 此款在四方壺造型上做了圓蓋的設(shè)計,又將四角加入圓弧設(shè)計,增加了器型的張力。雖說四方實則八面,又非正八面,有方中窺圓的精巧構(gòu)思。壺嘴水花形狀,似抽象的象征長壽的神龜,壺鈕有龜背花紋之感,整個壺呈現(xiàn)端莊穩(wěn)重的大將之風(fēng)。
- - -
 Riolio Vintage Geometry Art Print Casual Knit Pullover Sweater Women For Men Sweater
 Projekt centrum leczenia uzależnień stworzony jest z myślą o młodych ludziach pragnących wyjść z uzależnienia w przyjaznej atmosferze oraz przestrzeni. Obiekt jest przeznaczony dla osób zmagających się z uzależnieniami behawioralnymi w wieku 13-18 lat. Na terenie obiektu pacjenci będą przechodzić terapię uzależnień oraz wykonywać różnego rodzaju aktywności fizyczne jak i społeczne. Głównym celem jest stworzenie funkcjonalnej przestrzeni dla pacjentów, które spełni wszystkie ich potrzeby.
- - -
◆ DIRECTIONS FOR THIS TASK: All lines above from the one with "Riolio Vintage Geometry" to the one with "Projekt centrum leczenia", inclusive, should be copied exactly, and no other lines.

◆ RESULT OF THE EXERCISE:
 Riolio Vintage Geometry Art Print Casual Knit Pullover Sweater Women For Men Sweater
 Projekt centrum leczenia uzależnień stworzony jest z myślą o młodych ludziach pragnących wyjść z uzależnienia w przyjaznej atmosferze oraz przestrzeni. Obiekt jest przeznaczony dla osób zmagających się z uzależnieniami behawioralnymi w wieku 13-18 lat. Na terenie obiektu pacjenci będą przechodzić terapię uzależnień oraz wykonywać różnego rodzaju aktywności fizyczne jak i społeczne. Głównym celem jest stworzenie funkcjonalnej przestrzeni dla pacjentów, które spełni wszystkie ich potrzeby.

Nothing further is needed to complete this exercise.